*** Information shown ***

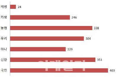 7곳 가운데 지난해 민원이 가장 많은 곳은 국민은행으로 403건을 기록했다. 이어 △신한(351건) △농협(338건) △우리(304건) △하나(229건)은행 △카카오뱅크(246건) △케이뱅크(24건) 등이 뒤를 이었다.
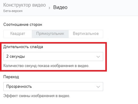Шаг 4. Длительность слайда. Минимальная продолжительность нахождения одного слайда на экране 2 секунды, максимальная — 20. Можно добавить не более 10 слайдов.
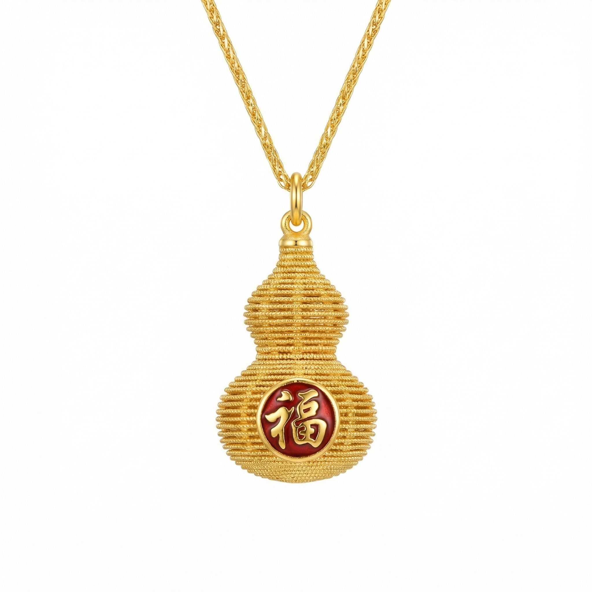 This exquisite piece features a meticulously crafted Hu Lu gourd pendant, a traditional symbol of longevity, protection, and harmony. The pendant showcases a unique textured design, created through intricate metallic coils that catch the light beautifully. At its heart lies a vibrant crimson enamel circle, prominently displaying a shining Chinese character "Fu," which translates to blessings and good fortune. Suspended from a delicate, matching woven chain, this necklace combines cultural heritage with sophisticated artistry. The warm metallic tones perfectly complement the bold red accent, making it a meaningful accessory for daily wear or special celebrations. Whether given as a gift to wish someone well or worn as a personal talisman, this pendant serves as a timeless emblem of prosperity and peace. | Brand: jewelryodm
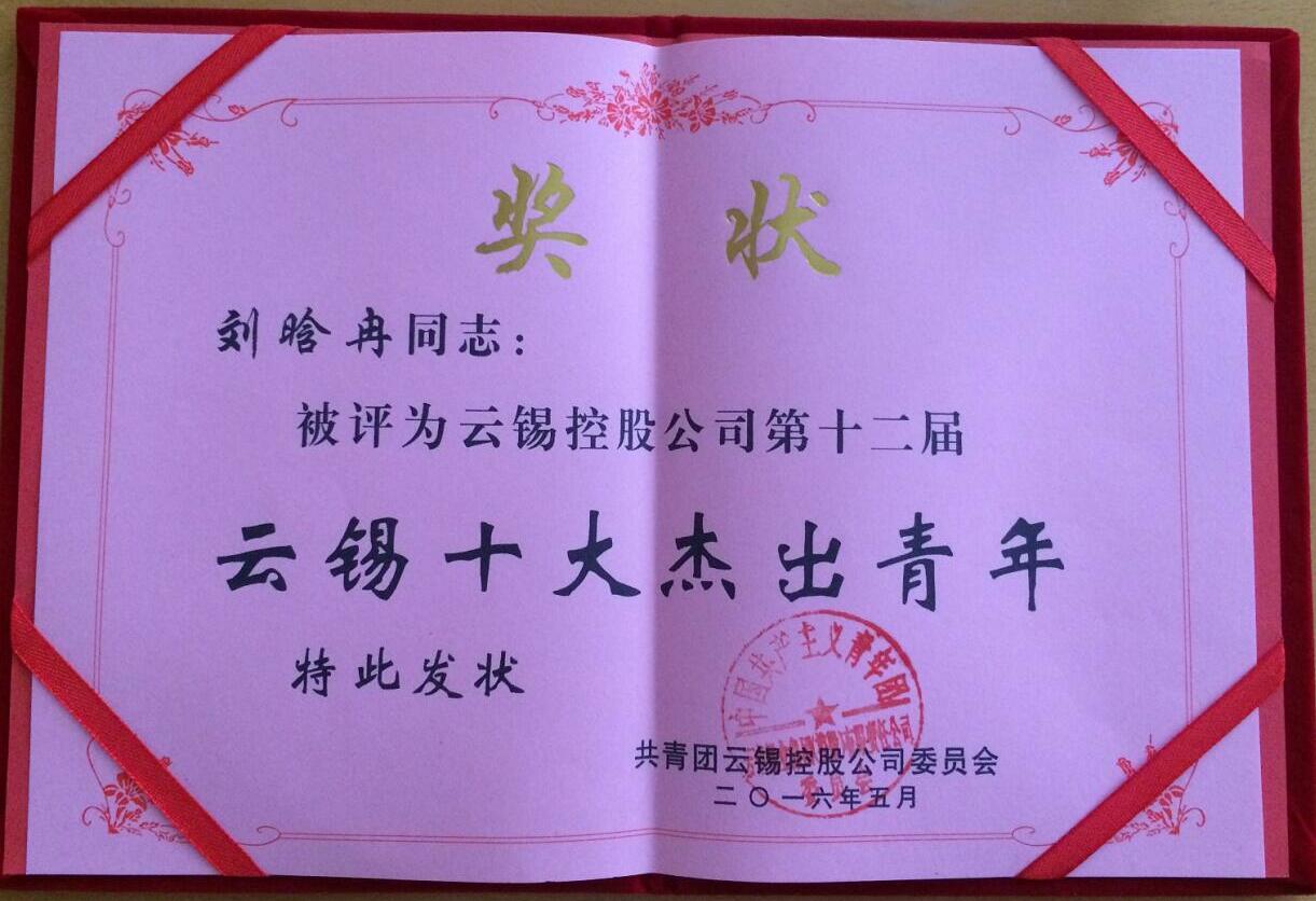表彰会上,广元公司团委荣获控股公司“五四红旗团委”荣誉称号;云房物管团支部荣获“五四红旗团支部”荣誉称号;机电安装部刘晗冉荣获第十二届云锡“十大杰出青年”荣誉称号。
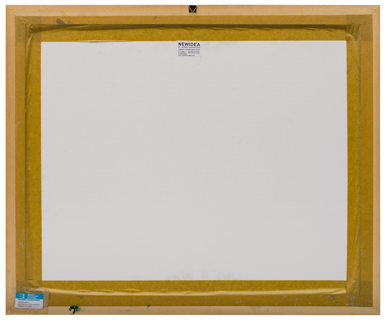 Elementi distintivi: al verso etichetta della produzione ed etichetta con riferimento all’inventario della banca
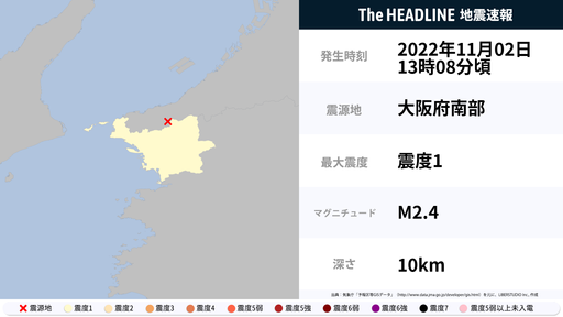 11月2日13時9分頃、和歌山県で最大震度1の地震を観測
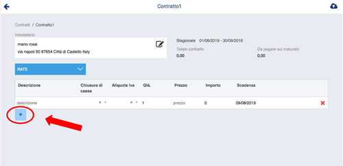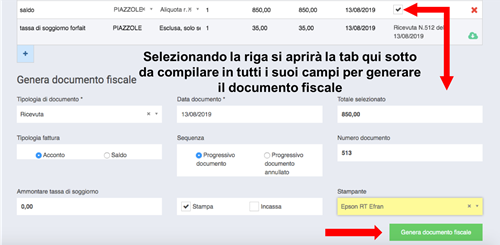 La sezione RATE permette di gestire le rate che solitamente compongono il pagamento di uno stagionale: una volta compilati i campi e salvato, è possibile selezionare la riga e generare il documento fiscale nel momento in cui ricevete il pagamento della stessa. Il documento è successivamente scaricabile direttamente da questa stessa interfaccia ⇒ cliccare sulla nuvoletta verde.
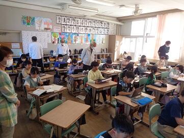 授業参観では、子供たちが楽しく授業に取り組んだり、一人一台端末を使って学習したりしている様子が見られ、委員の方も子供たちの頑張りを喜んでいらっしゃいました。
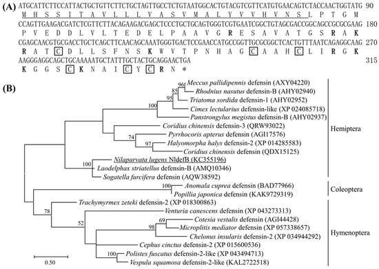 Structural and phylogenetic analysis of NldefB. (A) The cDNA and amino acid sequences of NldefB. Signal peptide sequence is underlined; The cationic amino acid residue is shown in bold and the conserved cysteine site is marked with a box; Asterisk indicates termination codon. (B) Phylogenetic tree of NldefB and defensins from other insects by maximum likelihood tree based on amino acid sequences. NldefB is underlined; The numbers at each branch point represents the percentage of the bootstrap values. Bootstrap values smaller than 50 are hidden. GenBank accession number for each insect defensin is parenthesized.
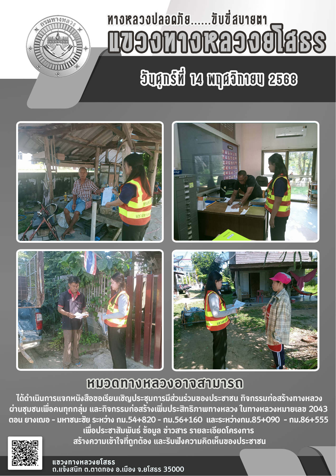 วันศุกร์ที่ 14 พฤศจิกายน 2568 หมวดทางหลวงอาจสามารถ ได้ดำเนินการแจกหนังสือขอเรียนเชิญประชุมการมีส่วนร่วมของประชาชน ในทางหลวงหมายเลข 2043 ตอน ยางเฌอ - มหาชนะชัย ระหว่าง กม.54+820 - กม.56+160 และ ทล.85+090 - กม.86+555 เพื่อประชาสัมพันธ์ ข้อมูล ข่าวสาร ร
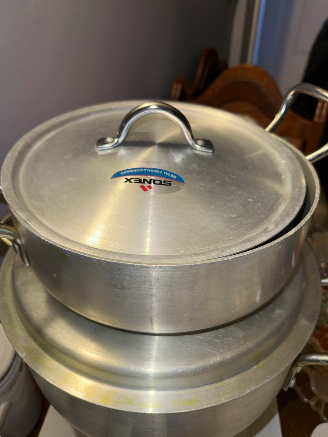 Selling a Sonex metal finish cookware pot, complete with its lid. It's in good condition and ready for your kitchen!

***

* _Exercise requirements_:
Starting with the line that has "表彰会上,广元公司团委荣获控" and going on through the line that has "11月2日13時9分頃、和歌山県で最大震度1の地震を観測", transcribe the records above exactly, but skip the pictures.

* _Your solution_:
表彰会上,广元公司团委荣获控股公司“五四红旗团委”荣誉称号;云房物管团支部荣获“五四红旗团支部”荣誉称号;机电安装部刘晗冉荣获第十二届云锡“十大杰出青年”荣誉称号。
 Elementi distintivi: al verso etichetta della produzione ed etichetta con riferimento all’inventario della banca
 11月2日13時9分頃、和歌山県で最大震度1の地震を観測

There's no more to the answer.